The first group consists of estimated variational parameters b_alpha
& b_mu
& b_s
under the baseline model, where b_alpha(:,i)
& b_mu(:,i)
& b_s(:,i)
correspond to estimation under the hyper-parameter setting [sigb, theta0(i)]
.
The second group consists of estimated variational parameters e_alpha
& e_mu
& e_s
under the enrichment model, where e_alpha(:,i,j)
& e_mu(:,i,j)
& e_s(:,i,j)
correspond to estimation under the hyper-parameter setting [sigb, theta0(i), theta(j)]
.
The third group consists of estimated variational lower bounds under the baseline (b_logw
) and enrichment (e_logw
) model, and log 10 enrichment Bayes factor (log10_bf
).
Since this dataset is simulated from the enrichment model, RSS yields a large log 10 enrichment Bayes factor as expected:
>> fprintf('Log 10 enrichment Bayes factor: %.4f ...\n', log10_bf);
Log 10 enrichment Bayes factor: 19.3335 ...
Further, by combining *_logw
with *_alpha
, we can estimate the number of SNPs with non-zero effect, and compare with the truth:
>> fprintf('Total number of SNPs with non-zero effect: %d ...\n', sum(example_data.gamma));
Total number of SNPs with non-zero effect: 5 ...

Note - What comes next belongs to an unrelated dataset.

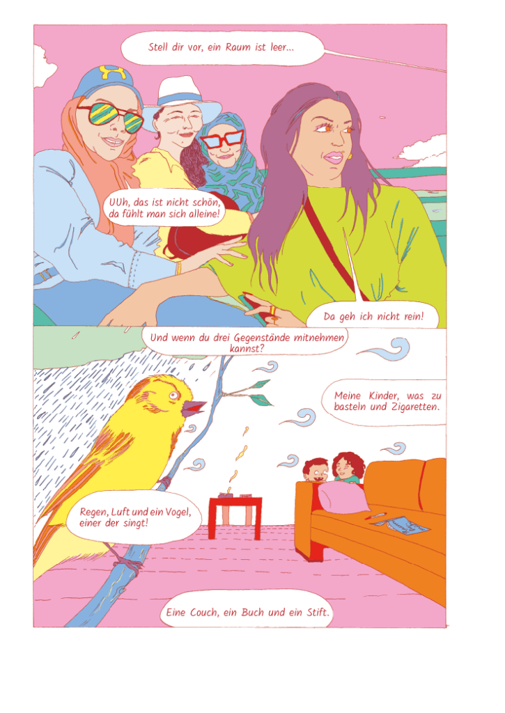 I attended and documented these actions through live drawings and note taking for the upcoming comics. The result is magazine Raum für mich (coming soon).
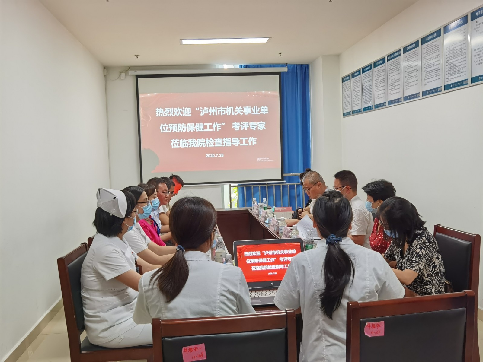 2020年7月28日,泸州市卫健委王建伟副主任带队到我院检查2019年度预防保健工作开展情况。我院院长助理徐厚平、健康管理中心主任周仲芳及部分人员参会。会议由泸州市卫健委医政医管科徐远志科长主持。

>> b_w = exp(b_logw - max(b_logw(:)));
>> b_w = b_w / sum(b_w(:));
>> b_ens = sum(b_alpha);
>> b_ens = dot(b_ens(:), b_w(:));
>> e_w = exp(e_logw - max(e_logw(:)));
>> e_w = e_w / sum(e_w(:));
>> e_ens = sum(e_alpha);
>> e_ens = dot(e_ens(:), e_w(:));
>> disp([sum(example_data.gamma) b_ens e_ens])
5.0000 5.0025 6.1924
The fourth group consists of gene prioritization results under the baseline (b_p1
& b_p2
) and enrichment model (e_p1
& e_p2
). Following Zhu and Stephens (2018), here we define a gene as “trait-associated” (i.e. gene_cau(j)==1
) if at least one SNP within 100 kb of the transcribed region of this gene has non-zero effect.
>> disp([b_p1(1:10) e_p1(1:10) gene_cau(1:10)]);
0.0005 0.0002 0
0.0033 0.0013 0
0.0007 0.0244 0
0.0044 1.0000 1.0000
0.0146 0.2846 1.0000
0.0018 0.0007 0
0.0012 0.0230 0
0.0004 0.0167 0
0.0001 0.0009 0
1.0000 1.0000 1.0000
We can see that the enrichment model has higher power to identify trait-associated genes than the baseline model, since it exploits the underlying enrichment signal.